There's more damaging evidence surrounding Ben Affleck's alleged mistress and former nanny, Christine Ouzounian, than the OJ Simpson trial. Though wrecking one of Hollywood's favorite couples is enough to crucify her publicly and tarnish her name indefinitely, she’s being celebrated like a virgin bride during the hora.
Like President Clinton's intern and subsequent side chick, Monica Lewinsky, Affleck's au pair has been accused of enjoying additional perks outside her job description's parameters. A detail unknown to Ben's wife, Jennifer Garner, until the 28-year-old Arizona State graduate was snapped on a private jet to Las Vegas with her boss and football's current bad boy, Tom Brady.

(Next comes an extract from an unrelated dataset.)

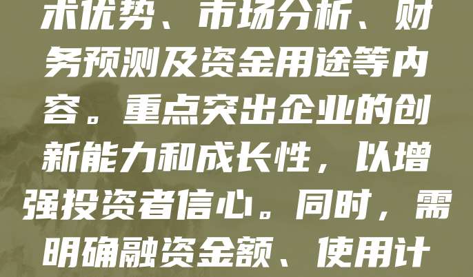 科技型中小企业融资商业计划书是企业向投资者展示其商业模式、市场潜力及融资需求的重要文件。该计划书应包括公司简介、产品与技术优势、市场分析、财务预测及资金用途等内容。重点突出企业的创新能力和成长性,以增强投资者信心。同时,需明确融资金额、使用计划及回报预期,体现项目的可行性和投资价值。一份清晰、专业的商业计划书有助于提升融资成功率,推动企业快速发展。

Shortly after, Nannygate news eclipsed other headlines, stealing attention from several fame monsters (see: Kim Kardashian). But the Santa Monica native refused to cower behind her proverbial stained blue dress. Instead, she emerged from obscurity into paparazzi flashes, soaking up her 15 minutes with a new car, bikini pics and a late night champagne bottle exchange with Ben.

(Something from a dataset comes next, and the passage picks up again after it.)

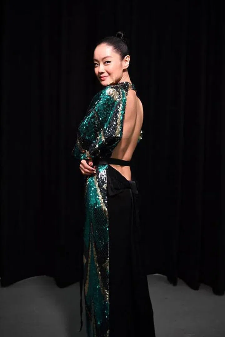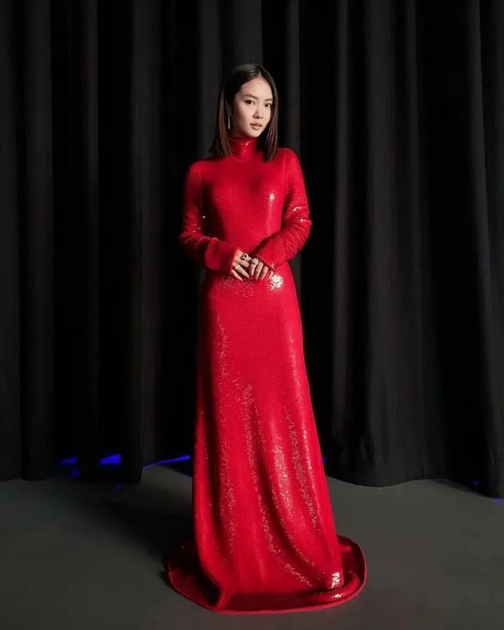 在《过江新娘》中饰演“芳草”的黄暄婷,以实力派演技征服观众。2022年首次入围最佳女主角的她,以一袭Bottega Veneta的红色亮片修身晚礼服华丽现身,高领长袖与背面的夸张露背形成鲜明对比,举手投足间流露出精致女人味。

In 1998, Lewinsky was deemed "a tramp, tart and slut," as she detailed during her TED2015 speech, not unlike phrases now being aimed at Garner's nemesis in hushed tones. When "Lewinskygate" was gaining overwhelming coverage, then 22-year-old Monica was humiliated and disgraced, especially when her secretly recorded convos with Bill were made public thanks to Linda Tripp.
For years following, every woman blamed for breaking up a marriage, from Alicia Keys to Angelina Jolie, was stained by the same rhetoric like a fur-wearing Samantha Jones at New York Fashion Week.
But my how times have changed.
Witnessing an outpour of praise for a supposed, proud home-wrecker is baffling, but secretly exciting to watch. Christine's unbothered behavior is downright likable.
Admit it: There's a tingling itch to cheer her on as she combats slut shaming with yoga mats and smiling pics. It's not a win for feminism -- or Bennifer's babies -- but still, Christine's brazen unwillingness to control the narrative of her exploitation is extremely telling of major shifts in public perception of sex.
Sure, we all hate cheating, in theory, but Christine's rise to almost-celebrity status proves women's sexual prowess is no longer shocking, sacred or taboo, even the extramarital kinds. We now only wish to celebrate her slightly obnoxious yet graceful handle on being media's prime obsession. It's practically fascinating to watch her flit around with no less than flawless, frizz-free hair and glamorous accessories.
It seems women today –– and apparently even "the other woman" –– are disallowing their agency to be stolen in any form, whether they've been naughty or nice.
Ouzounian isn't playing up that same tired script or throwing on an invisibility cloak in the wake of a two-person sideshow. She's not sadly boohooing in a corner for what she may have done to Ben and Jen's marriage. What's more? It's unlikely she even fell into a bad romance but rather made a play for what she wants: attention and that coveted spot on "The Bachelorette."
Her actions translated? What's done is done.
So, no, you don’t have to like Ouzounian but you do have to love her for silently proving how sexually liberated women have become and how even men are swallowing that non-surprising nugget of information.
No one is going to emerge a champion from this triangle so steeped in infidelity and deceit. And TBH Jennifer should go all "Gone Girl" on Ben for good measure. But one thing's clear: It may be time to toss all archaic beliefs about homewreckers and unnecessarily flashy drop-top-driving nannies aside.
As a whole, attitudes are changing about women and sex. What was once something that silenced Monica for years has now made Christine Ouzounian, whose flippant mood has casted shame back onto Ben, a star. At least for now.